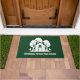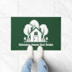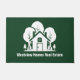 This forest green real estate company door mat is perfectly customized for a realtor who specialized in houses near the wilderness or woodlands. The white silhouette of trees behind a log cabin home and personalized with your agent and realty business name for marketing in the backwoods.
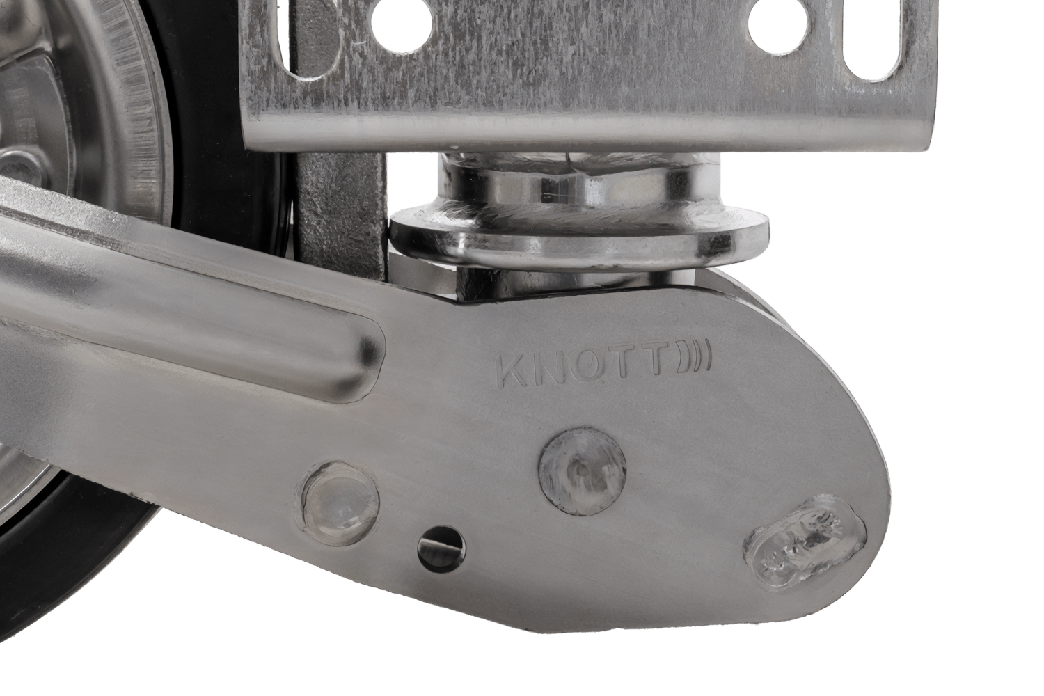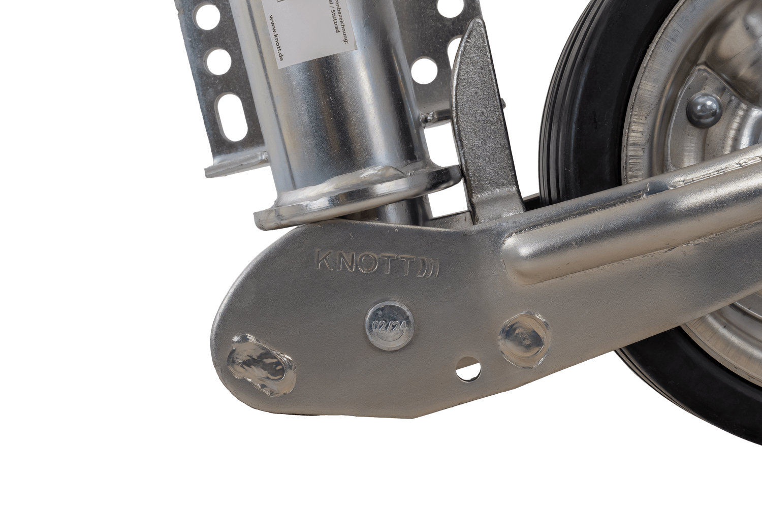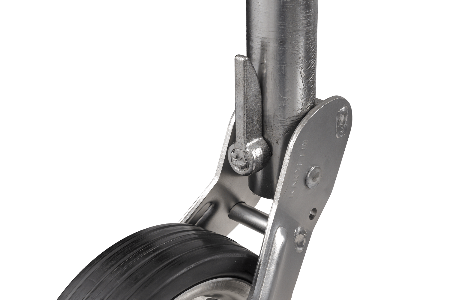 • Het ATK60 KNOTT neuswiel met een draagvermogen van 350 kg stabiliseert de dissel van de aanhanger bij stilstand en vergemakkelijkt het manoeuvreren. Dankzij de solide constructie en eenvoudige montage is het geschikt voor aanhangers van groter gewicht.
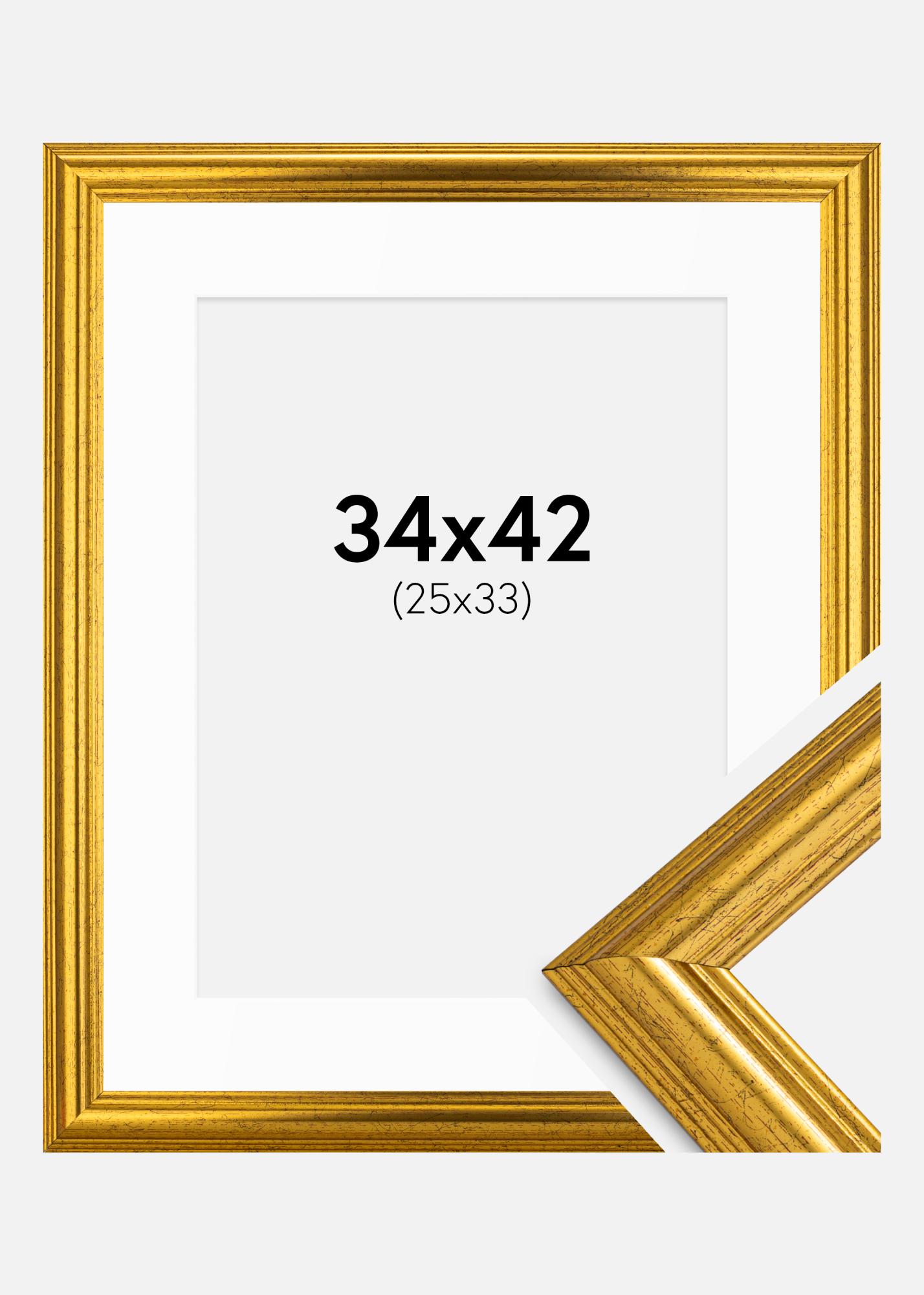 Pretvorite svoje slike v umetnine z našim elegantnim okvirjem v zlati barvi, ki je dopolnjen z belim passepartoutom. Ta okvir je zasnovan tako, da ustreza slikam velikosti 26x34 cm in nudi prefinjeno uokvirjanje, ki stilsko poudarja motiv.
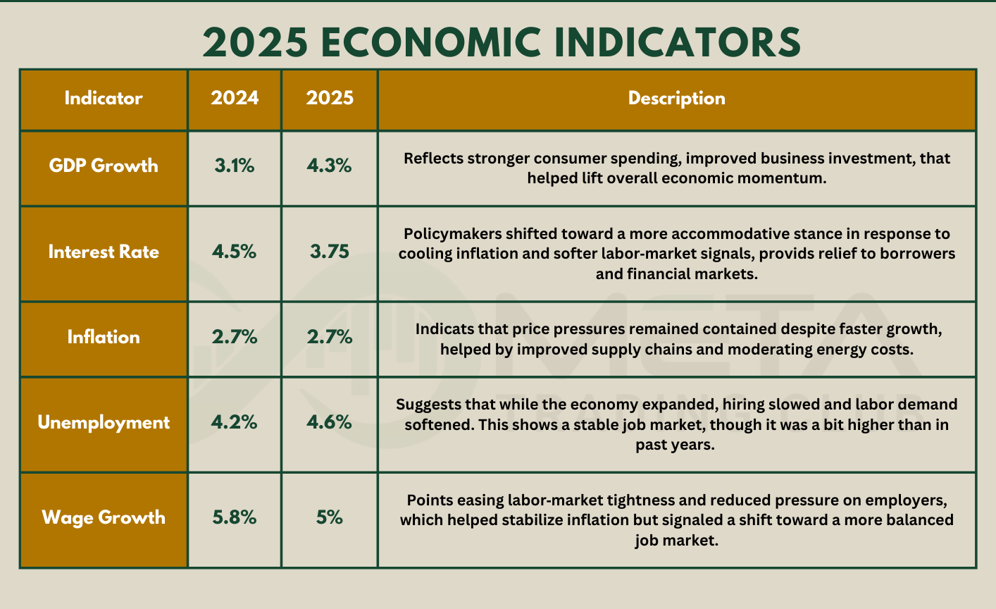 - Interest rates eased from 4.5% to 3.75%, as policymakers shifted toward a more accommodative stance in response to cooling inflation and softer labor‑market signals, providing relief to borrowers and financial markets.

• PROBLEM REQUIREMENTS
Restate exactly, and only, the lines from the one that holds "Pretvorite svoje slike" down to the last line of the material above. Omit the pictures.

• YOUR RESPONSE
 Pretvorite svoje slike v umetnine z našim elegantnim okvirjem v zlati barvi, ki je dopolnjen z belim passepartoutom. Ta okvir je zasnovan tako, da ustreza slikam velikosti 26x34 cm in nudi prefinjeno uokvirjanje, ki stilsko poudarja motiv.
 - Interest rates eased from 4.5% to 3.75%, as policymakers shifted toward a more accommodative stance in response to cooling inflation and softer labor‑market signals, providing relief to borrowers and financial markets.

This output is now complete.